Last year, in the Fawzy decision, the New Jersey Supreme Court put procedures in place approving parents’ ability to arbitrate child custody opinion.  This specifics of this decision was the subject of a prior blog at the time of the decision.  One of the procedural safeguards required by Fawzy was a verbatim record of the proceedings so that there could be meaningful review of the decision by a court.  Yesterday, the Supreme Court revisited this issue in the case of Johnson v. Johnson.  In May of this year, I previously blogged about this case though at that time, we all thought that the bigger issue for the court’s consideration was whether Fawzy could be retroactively applied.

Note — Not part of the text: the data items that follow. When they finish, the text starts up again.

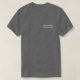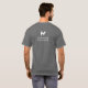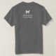 Un t-shirt pour un randonneur professionnel, un gardien de chiens, un dresseur de chiens ou un gardien de chiens. Le nom de votre entreprise est imprimé sur la poitrine gauche du t-shirt et le dos du vêtement comporte le nom de votre entreprise ainsi qu'un graphique canin. Le texte et le graphique sont en blanc sur un arrière - plan gris. Regardez intelligemment et professionnel tout en augmentant la visibilité de votre marque de services pour animaux de compagnie.
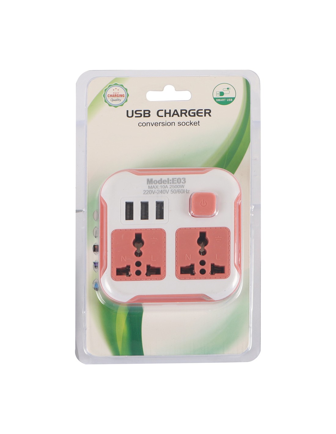 Saffron USB Socket Adapter E03 – Universal Travel Plug with Built‑in USB Port
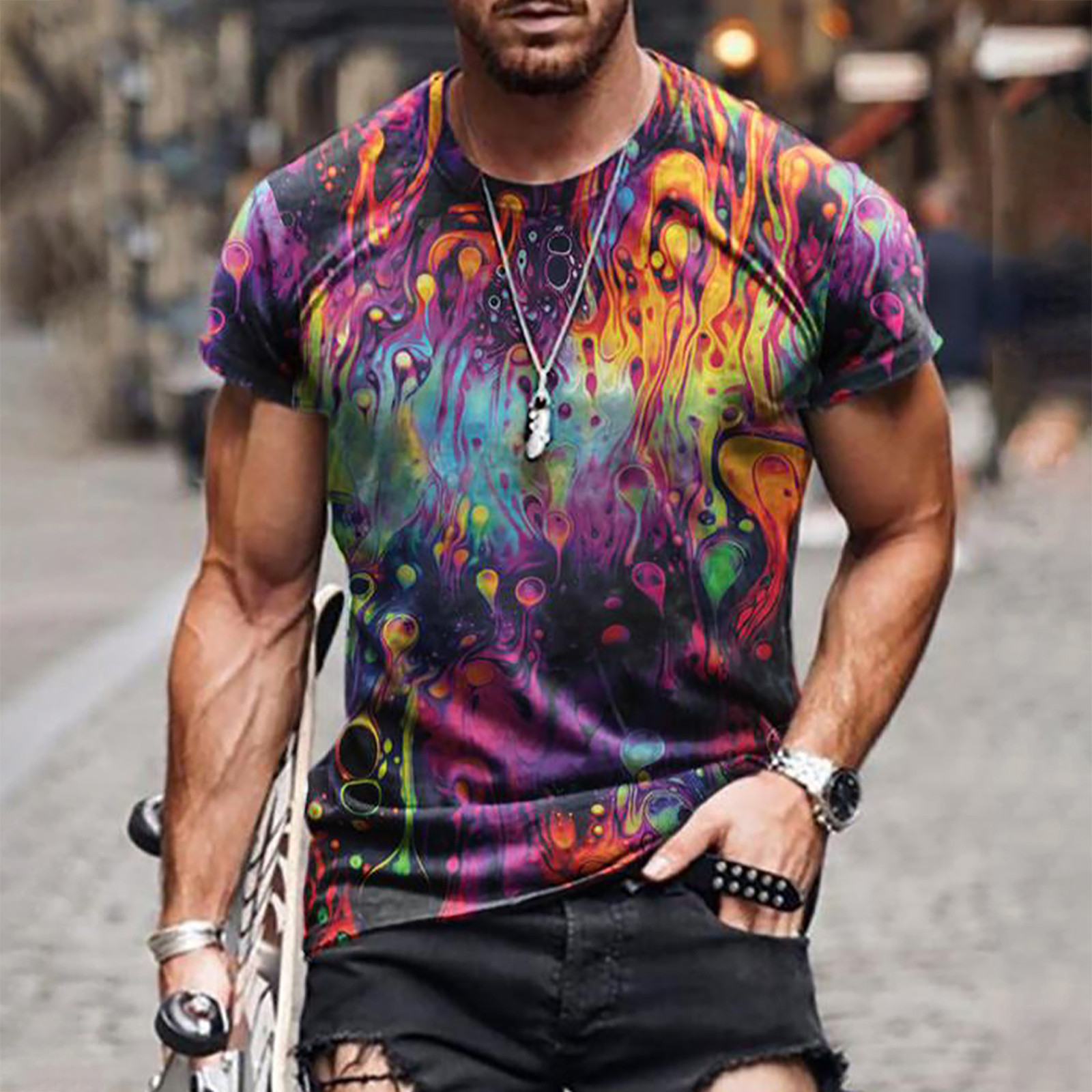 Мужская Летняя Повседневная футболка с 3D принтом, короткий рукав, круглый вырез, блузка

In Johnson, there was no verbatim record as was required by Fawzy, for the simply reason that the parties had agreed that there was not going to be a verbatim record.  They did, however, agree that the arbitrator would provide detailed findings of fact.  In fact, the arbitrator did provide extremely detailed findings both in the initial opinion and upon a motion for reconsideration.  After Fawzy was decided, an appeal ensued and the arbitration award was set aside for no verbatim record. 

The Supreme Court in Johnson started by reminding us of what Fawzy requires with regard to an agreement to arbitrate:

must be in writing or recorded in accordance with the requirements of N.J.S.A. 2A:23B-1.
In addition, it must state in clear and unmistakable language: (1) that the parties
understand their entitlement to a judicial adjudication of their dispute and are
willing to waive that right; (2) that the parties are aware of the limited circumstances under which a challenge to the arbitration award may be advanced and agree
to those limitations; (3) that the parties have had sufficient time to consider the
implications of their decision to arbitrate; and (4) that the parties have entered into
the arbitration agreement freely and voluntarily, after due consideration of the
consequences of doing so.

The Court then discussed how the decision in Fawzy is supposed to work:

As a matter of practice, Fawzy plays out this way: When a child custody or parenting time arbitration award issues, one party will ordinarily move for confirmation. If there is no challenge, the award will be confirmed. If there is a challenge that does not implicate harm to the child, the award is subject to review under the limited standards in the relevant arbitration statute or as agreed by the parties. If a party advances the claim that the arbitration award will harm the child, the trial judge must determine whether a prima facie case has been established. In other words, is there evidence which if not controverted, would prove harm? If that question is answered in the negative, for example, where a claim of harm is insubstantial or frivolous (e.g., not enough summer vacation), the only review available  will be that provided in the relevant arbitration act or as otherwise agreed. If, on the other hand,the claim is one that, if proved, would implicate harm to the child, the judge must determine if the arbitration record is an adequate basis for review. If it is, the judge will evaluate the harm claim and, if there is a finding of harm, the parents’ choice of arbitration will be overcome and it will fall to the judge to decide what is in the children’s best interests. If the arbitration record is insufficient, the judge will be required to conduct a plenary hearing. That is the backdrop for our inquiry.

 

In Johnson, the Supreme Court found that the detailed fact finding by the arbitrator, while not specifically a verbatim record, satisfied the standards of Fawzy because the decision allowed for meaningful review. 

The Court next termed to the generalized claim of harm  Ms. Johnson alleged in order to set aside the award.  The Supreme Court, citing Fawzy reminded:

Mere disagreement with the arbitrator’s decision obviously will not satisfy the harm
standard. The threat of harm is a significantly higher burden than a best interests
analysis. Although each case is unique and fact intensive, by way of example, in a case of two fit parents, a party’s challenge to an arbitrator’s custody award because she would be “better” is not a claim of harm. Nor will the contention that a particular parenting-time schedule did not include enough summer vacation time be sufficient to pass muster. To the contrary, a party’s claim that the arbitrator granted custody to a parent with serious substance abuse issues or a debilitating mental illness could raise the specter of harm.
Obviously, evidential support establishing a prima facie case of harm will be required in
order to trigger a hearing. Where the hearing yields a finding of harm, the court must set aside the arbitration award and  decide the case anew, using the best interests test.

Here, neither party claimed unfitness, just differences in parenting style.  The Court found that this "did not approach" a showing of harm which would require judicial review.

This decision further strengthens litigants’ rights to alternate dispute resolution methods to resolve their disputes.  While having a verbatim record is probably preferable, the cost could be prohibitive.  The ability to arbitrate custody without a verbatim record, as long as the arbitrator makes detailed and painstaking fact findings, is a win for New Jersey litigants and parents.